In May 1999 I decided to run all my test searches again. Imagine my surprise when I discovered that searches were consistently incurring more DialUnits than they had the prior year. After much hemming and hawing, Dialog executives admitted that, yes, they had "revised the algorithm for calculating DialUnits." Can you say "unannounced price increase"? I thought so. My third article on Dialog's DialUnits, "Dialog's DialUnits: There Is a Great Disturbance in the Force," appeared in Searcher, July/August 1999 [http://www.infotoday.com/searcher/jul99/bates.htm].

The only good news in all of this was that in May 2000, Dialog was sold to The Thomson Corp. The online search community grew cautiously optimistic to find Dialog once again in the hands of management who knew and understood Dialog's core market.
 

Re-Connecting with Connect Time
Fast-forward to 2001. In June, Dialog announced that it was revising DialUnit pricing and would introduce (or, more properly, re-introduce) a connect-time pricing option. A sentence in the press release piqued my curiosity: "Currently, when users execute the same search on different Dialog platforms (DialogClassic, DialogClassic Web, and DialogWeb), results can vary, depending on how each platform processes some of the commands." I went back and re-executed all of my test searches and, sure enough, there were striking disparities in cost. A chart showing the prices for identical searches in DialogWeb, DialogClassic and DialogClassic Web appeared in an Information Today Inc. Newsbreak [http://www.infotoday.com/newsbreaks/nb010626-1.htm].

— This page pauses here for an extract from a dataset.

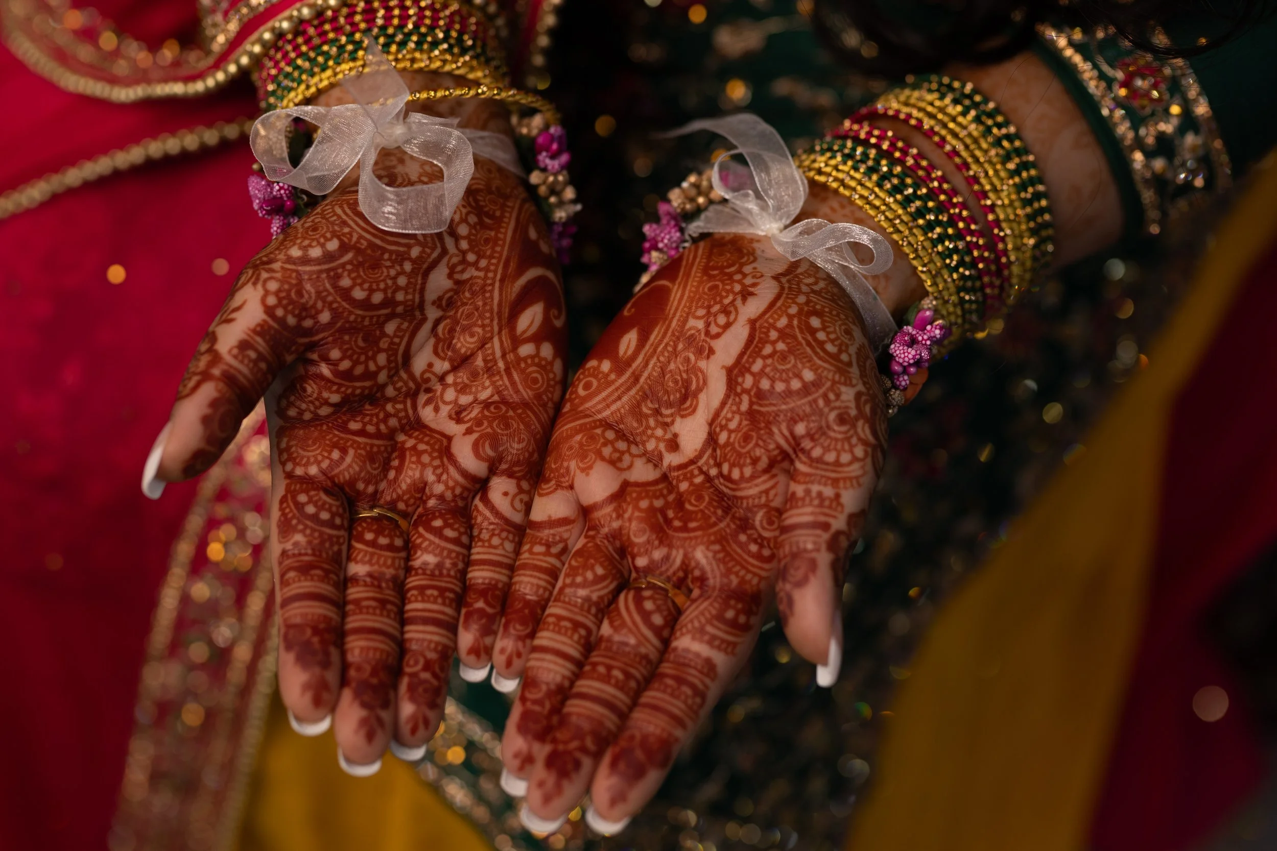 • Close-up of hands and arms decorated with henna designs, jewelry, and traditional attire, likely for a special occasion like a wedding.

The revision of the DU algorithm was completed in October 2001 and it did indeed smooth out the differences in cost among the various platforms and virtually eliminated the penalty of searching on DialogClassic. Connect-time pricing finally rolled out in January 2002. In the meantime, Dialog also repackaged its flagship content in a number of end-user-friendly products, including Dialog1, Dialog Company Profiles, DialogSelect, and Dialog Open Access. All but one of these are only accessible to existing Dialog customers. Dialog Open Access is available to anyone with a credit card — no subscription to Dialog is required. The connect time vs. DialUnit pricing discussion does not come into play here, since all of these products are entirely output-based.
 

Connect-Time Basics
So, how does connect-time pricing work, now that it's finally rolled out and operational? Answer? Pretty much like you'd expect. The meter starts running as soon as you issue a Begin command. There are a few free files (although I use the word "free" advisedly, since Dialog still charges $13 an hour for "Telecommunications/Internet charges") — the ONTAP training files, and most of the Dialog Finder files (410, 413, 414, 415, 416). Beilstein Online (390) is also free of connect-time or DialUnit costs, but output costs range from $10 to $300 per record. Note that DIALINDEX (411) is not a free file in either pricing plan. It costs $40/hour in the connect-time pricing and $1.75 per DialUnit.

In general, connect-time pricing parallels DialUnit costs. With the exception of Beilstein Online, which bases 100 percent of its charges on output, files that have higher DU costs also have higher connect-time charges. A quick comparison of prices shows the following rough correlation:
 
A file with DialUnits of: has connect-time charges of around:
$20  $150/hour
$6 $80-$100/hour
$3 $40-$60/hour
$1 $35/hour

Note that both DialUnit and connect-time pricing still have separate charges for output. The per-record charges are the same for both plans. And both plans impose that silly $13/hour Telecommunications/Internet charge, so even DialUnit pricing has a connect-time component.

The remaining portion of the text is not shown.